The deal, brokered by France and the US, ended more than a year of hostilities between Israel and Hezbollah. The fighting peaked with a major Israeli offensive that displaced more than 1.2 million people in Lebanon and left the Iran-backed Lebanese Shiite group severely weakened.

Under the agreement, which was signed on November 27, Hezbollah weapons and fighters must be removed from areas south of the Litani river. Israeli troops should withdraw as the Lebanese army deploys into the region, all within a 60-day timeframe due to conclude on Monday at 4am local time. 

The deal also stipulates that the Lebanese army is to deploy alongside UN peacekeepers in the south as the Israeli army withdraws over the 60-day period.

In its statement issued Friday, Netanyahu’s office said the Israeli military’s withdrawal process was “contingent on the Lebanese army deploying in southern Lebanon, and fully and effectively enforcing the agreement, while Hezbollah withdraws beyond the Litani”.

The statement added that, “since the ceasefire agreement has not yet been fully enforced by the Lebanese state, the gradual withdrawal process will continue, in full coordination with the United States”.

Hezbollah says withdrawal postponement is breach of ceasefire deal

Hezbollah said in a statement that there had been leaks talking about Israel postponing its withdrawal beyond the 60-day period, and that any breach of the agreement would be unacceptable.

The statement said that possibility required everyone, especially Lebanese political powers, to pile pressure on the states which sponsored the deal to ensure “the implementation of the full (Israeli) withdrawal and the deployment of the Lebanese army to the last inch of Lebanese territory and the return of the people to their villages quickly”.

Any delay beyond the 60 days would mark a blatant violation of the deal with which the Lebanese state would have to deal “through all means and methods guaranteed by international charters” to recover Lebanese land “from the occupation’s clutches”, Hezbollah said.

Both Israel and Hezbollah have accused each other of violations since the truce came into effect in November.

UNIFIL, the UN peacekeeping force in Lebanon, has also reported repeated Israeli violations of the terms of the ceasefire.

Israel said its campaign against Hezbollah is aimed to secure the return home of tens of thousands of people forced to leave their homes in northern Israel due to Hezbollah rocket fire.

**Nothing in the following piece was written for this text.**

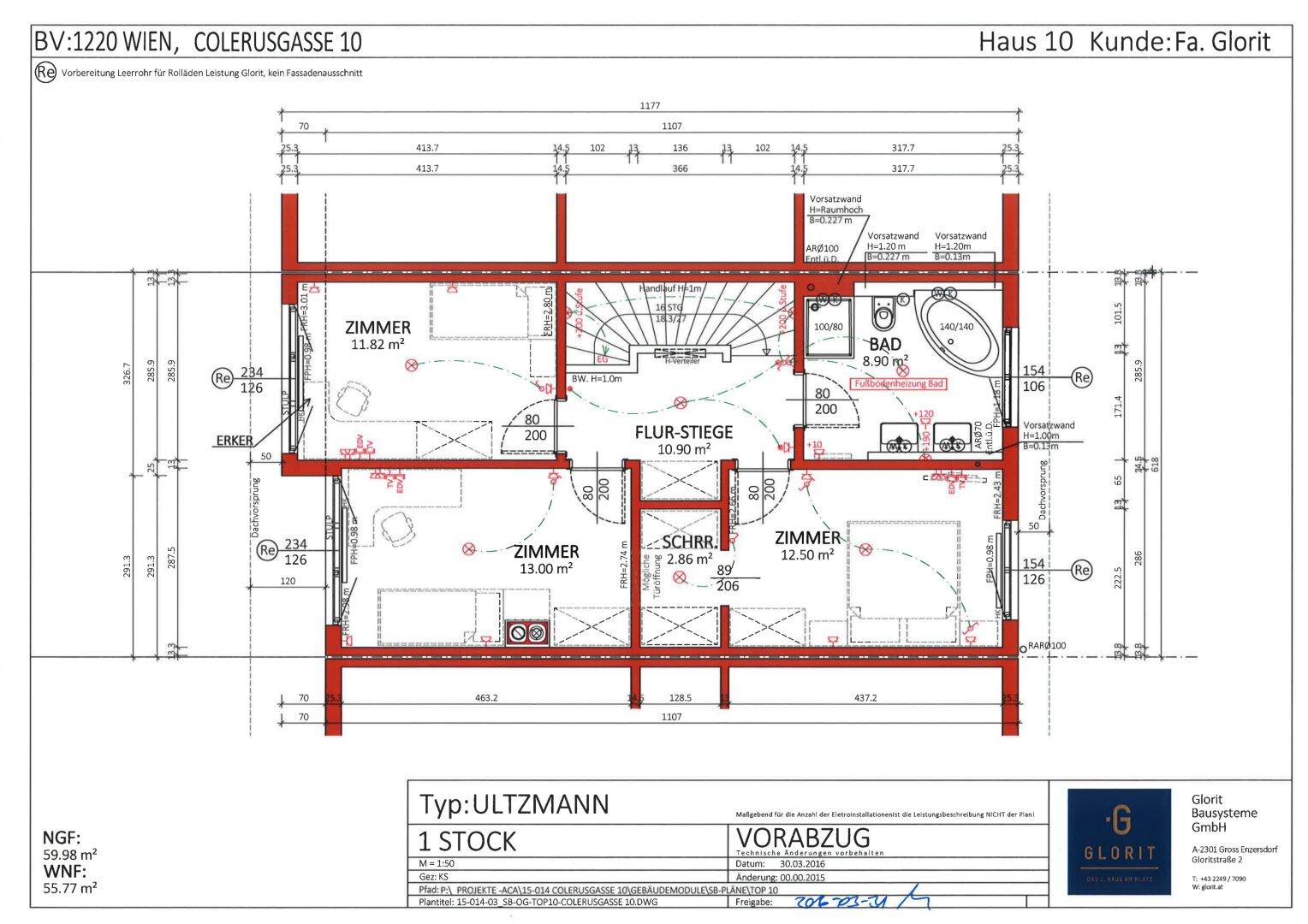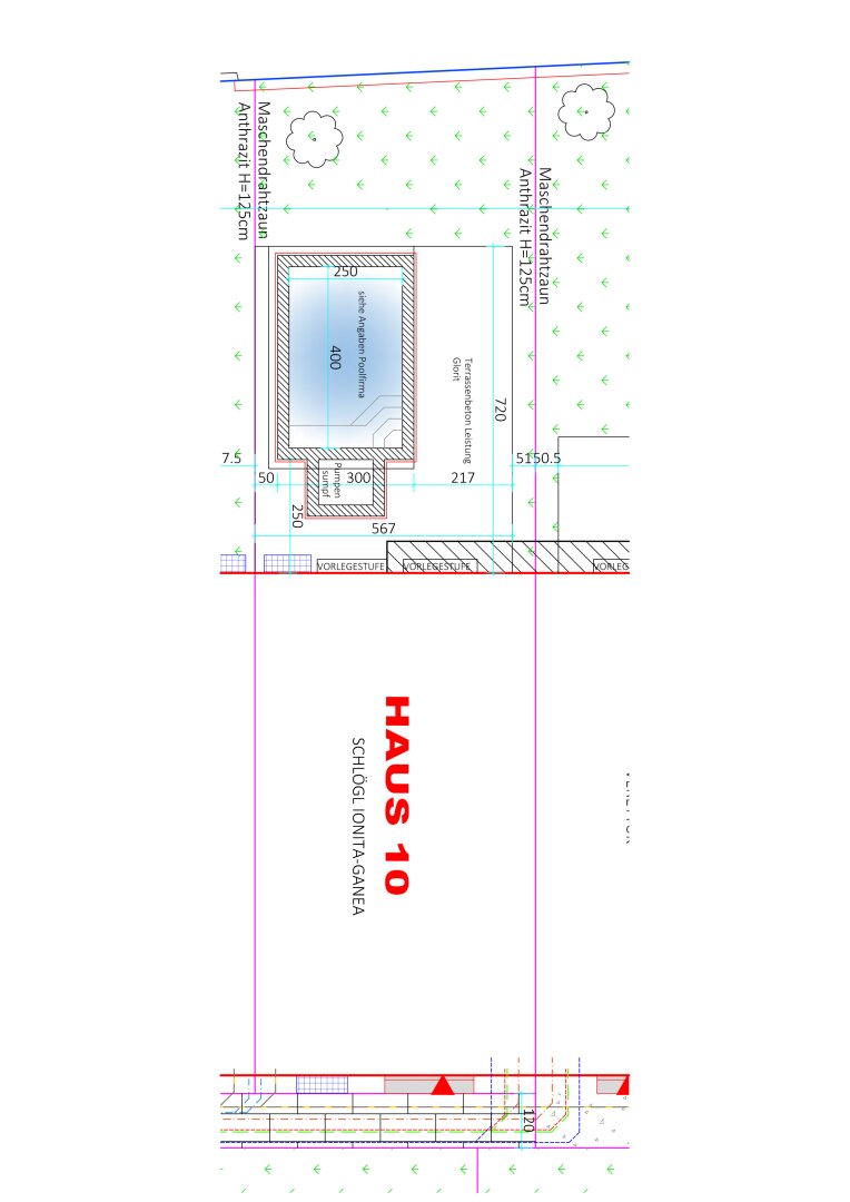 Vorraum, gegliedertes Wohnzimmer (Wohnbereich / Essbereich) mit offener Küche, kleiner Garten mit Swimming-Pool, Stiegenaufgang – oben offen zur Galerie, 3 Schlafzimmer (Schlafzimmer mit begehbaren Schrankraum, Kinderzimmer, Büro), geräumiges Bad (mit Fenster) mit 2 Waschbecken,

Israel inflicted major blows on Hezbollah during the conflict, killing its leader Hassan Nasrallah and thousands of the group’s fighters and destroying much of its arsenal.

Read moreHezbollah leader Hassan Nasrallah, dead at 64, led a clandestine life on the run

Hezbollah was further weakened in December when its Syrian ally, Bashar al-Assad, was toppled, cutting its overland supply route from Iran.

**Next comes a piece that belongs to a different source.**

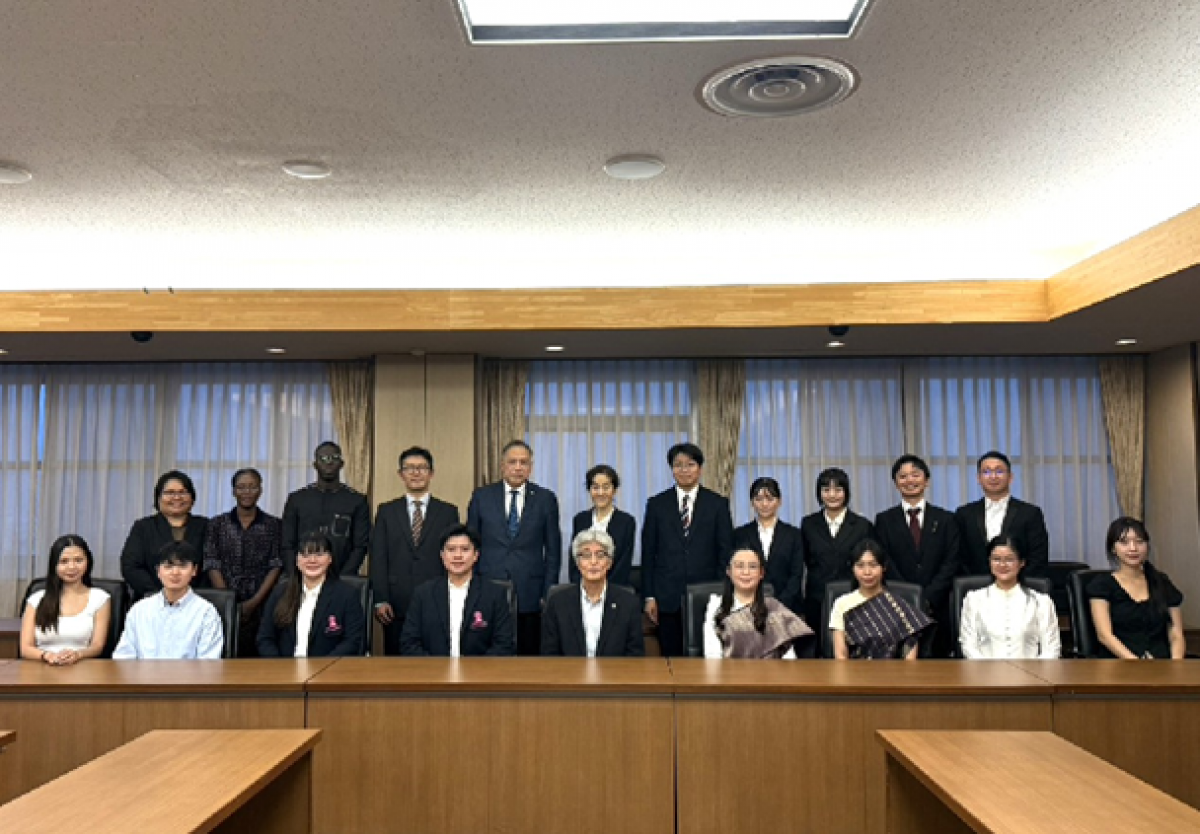 10月10日、神戸大学キャンパスアジア・プラス・プログラムに参加の学生計15名が、事業推進責任者の玉置久理事・国際連携推進機構長を表敬訪問しました。大学院国際協力研究科からプログラム実施委員長の林美香教授、実施副委員長の小川啓一教授、コーディネーターの米沢竜也助教、八木歩特命助教が同席し、以下の学生が参加しました。

Israeli presence ‘complicates’ Lebanese army deployment 

A senior Lebanese political source told AFP on Thursday that Lebanese President Joseph Aoun had been in contact with US and French officials to urge Israel to complete the withdrawal within the stipulated timeframe.

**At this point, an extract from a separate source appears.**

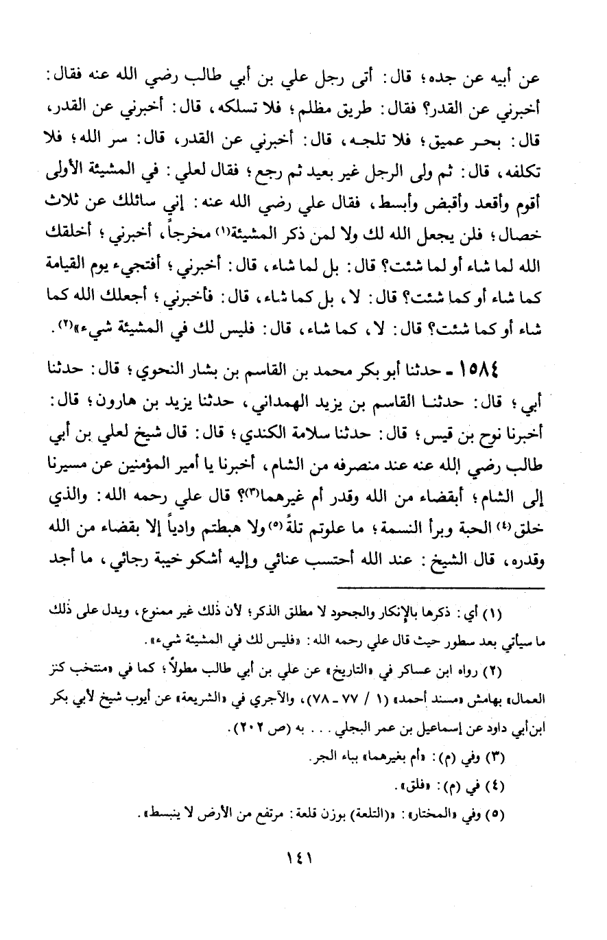 1584 - حَدَّثَنَا أَبُو بَكْرٍ مُحَمَّدُ بْنُ الْقَاسِمِ بْنِ بَشَّارٍ النَّحْوِيُّ قَالَ: حَدَّثَنَا أَبِي قَالَ: حَدَّثَنَا الْقَاسِمُ بْنُ يَزِيدَ الْهَمْدَانِيُّ، حَدَّثَنَا يَزِيدُ بْنُ هَارُونَ، قَالَ: أَخْبَرَنَا نُوحُ بْنُ قَيْسٍ، قَالَ: حَدَّثَنَا سَلَامَةُ الْكِنْدِيُّ، قَالَ: قَالَ شَيْخٌ لِعَلِيِّ بْنِ أَبِي طَالِبٍ رَضِيَ اللَّهُ عَنْهُ عِنْدَ مُنْصَرَفِهِ مِنَ الشَّامِ، أَخْبِرْنَا يَا أَمِيرَ الْمُؤْمِنِينَ عَنْ مَسِيرِنَا إِلَى الشَّامِ، أَبِقَضَاءٍ مِنَ اللَّهِ وَقَدَرٍ أَمْ غَيْرِهِمَا، قَالَ عَلِيٌّ رَحِمَهُ اللَّهُ: وَالَّذِي خَلَقَ الْحَبَّةَ وَبَرَأَ النَّسَمَةَ، §مَا عَلَوْتُمْ تَلَّةَ، وَلَا هَبَطْتُمْ وَادِيًا إِلَّا بِقَضَاءٍ مِنَ اللَّهِ وَقَدَرِهِ، قَالَ الشَّيْخُ: عِنْدَ اللَّهِ أَحْتَسِبُ عَنَائِي وَإِلَيْهِ أَشْكُو خَيْبَةَ رَجَائِي، مَا أَجِدُ -[142]- لِي مِنَ الْأَجْرِ شَيْئًا؟ قَالَ: بَلَى، قَدْ أَعْظَمَ اللَّهُ لَكُمُ الْأَجْرَ عَلَى مَسِيرِكُمْ وَأَنْتُمْ سَائِرُونَ وَعَلَى مَقَامِكُمْ وَأَنْتُمْ مُقِيمُونَ، وَمَا وَضَعْتُمْ قَدَمًا، وَلَا رَفَعْتُمْ أُخْرَى، إِلَّا وَقَدْ كَتَبَ اللَّهُ لَكُمْ أَجْرًا عَظِيمًا. قَالَ الشَّيْخُ: كَيْفَ يَا أَمِيرَ الْمُؤْمِنِينَ وَالْقَضَاءُ وَالْقَدَرُ سَاقَانَا وَعَنْهُمَا وَرَدْنَا وَصَدَرْنَا؟ فَقَالَ عَلِيٌّ رَضِيَ اللَّهُ عَنْهُ: أَيُّهَا الشَّيْخُ، لَعَلَّكَ ظَنَنْتَهُ قَضَاءً جَبْرًا وَقَدَرًا قَسْرًا، لَوْ كَانَ ذَلِكَ كَذَلِكَ لَبَطَلَ الْأَمْرُ وَالنَّهْيُ، وَالْوَعْدُ وَالْوَعِيدُ، وَبَطَلَ الثَّوَابُ وَالْعِقَابُ، وَلَمْ يَكُنِ الْمُحْسِنُ أَوْلَى بِمَثُوبَةِ الْإِحْسَانِ مِنَ الْمُسِيءِ، وَلَا الْمُسِيءُ أَوْلَى بِعُقُوبَةِ الْإِسَاءَةِ مِنَ الْمُحْسِنِ. قَالَ الشَّيْخُ: فَمَا الْقَضَاءُ وَالْقَدَرُ؟ قَالَ عَلِيٌّ: الْعِلْمُ السَّابِقُ فِي اللَّوْحِ الْمَحْفُوظِ وَالرَّقِّ الْمَنْثُورِ بِكُلِّ مَا كَانَ وَبِمَا هُوَ كَائِنٌ، وَبِتَوْفِيقِ اللَّهِ وَمَعُونَتِهِ لِمَنِ اجْتَبَاهُ بِوَلَايَتِهِ وَطَاعَتِهِ وَبِخُذْلَانِ اللَّهِ وَتَخَلِّيَّتِهِ لِمَنْ أَرَادَ لَهُ وَأَحَبَّ شَقَاهُ بِمَعْصِيَتِهِ وَمُخَالَفَتِهِ، فَلَا تَحْسَبَنَّ غَيْرَ ذَلِكَ فَتُوَافِقَ مَقَالَةَ الشَّيْطَانِ وَعَبْدَةَ الْأَوْثَانِ وَقَدَرِيَّةَ هَذِهِ الْأُمَّةِ وَمَجُوسَهَا، ثُمَّ إِنَّ اللَّهَ عَزَّ وَجَلَّ أَمَرَ تَحْذِيرًا وَنَهَى تَخْيِيرًا وَلَمْ يُطِعْ غَالِبًا وَلَمْ يَعْصِ مَغْلُوبًا، وَلَمْ يَكُ فِي الْخَلْقِ شَيْءٌ حَدَثَ فِي عِلْمِهِ، فَمَنْ أَحْسَنَ فَبِتَوْفِيقِ اللَّهِ وَرَحْمَتِهِ، وَمَنْ أَسَاءَ فَبِخُذْلَانِ اللَّهِ وَإِسَاءَتِهِ هَلَكَ، لَا الَّذِي أَحْسَنَ اسْتَغْنَى عَنْ تَوْفِيقِ اللَّهِ، وَلَا الَّذِي أَسَاءَ عَلَيْهِ وَلَا اسْتَبَدَّ بِشَيْءٍ يَخْرُجُ بِهِ عَنْ قُدْرَتِهِ، ثُمَّ لَمْ يُرْسِلِ الرُّسُلَ بَاطِلًا، وَلَمْ يُرِ الْآيَاتِ وَالْعَزَائِمَ عَبَثًا {ذَلِكَ ظَنُّ الَّذِينَ كَفَرُوا فَوَيْلٌ لِلَّذِينَ كَفَرُوا مِنَ النَّارِ} [ص: 27]
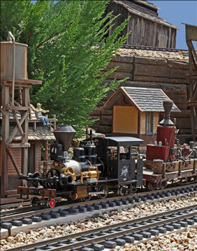 WIZELMAN: No special era. I am attracted to many different time periods and themes. The first loco I built was a logging locomotive used to take the trees from the forest to the mill. I built many logging related things. The earliest model I have debuted in 1830 on the B & O Railroad. It was one of the very first passenger locomotives. I even built a trolley locomotive that really got power from a trolley pole. Of course I had to steam power it.

The Lebanese government has told US mediators that Israel’s failure to withdraw on time could complicate the Lebanese army’s deployment, and this would be a blow to diplomatic efforts and the optimistic atmosphere in Lebanon since Aoun was elected president on January 9.

Read moreJoseph Aoun, Lebanon’s respected army chief becomes new president

Earlier this week, Ali Fayyad, a Hezbollah lawmaker, said that if Israel failed to withdraw this would put all Lebanese people in a new phase of “confronting the Israeli occupation through all possible means and tools to force it from our land”.

“This confrontation is the responsibility of all Lebanese: the government, the army, the people, parties and resistance,” said Fayyad in comments reported by Lebanon’s National News Agency.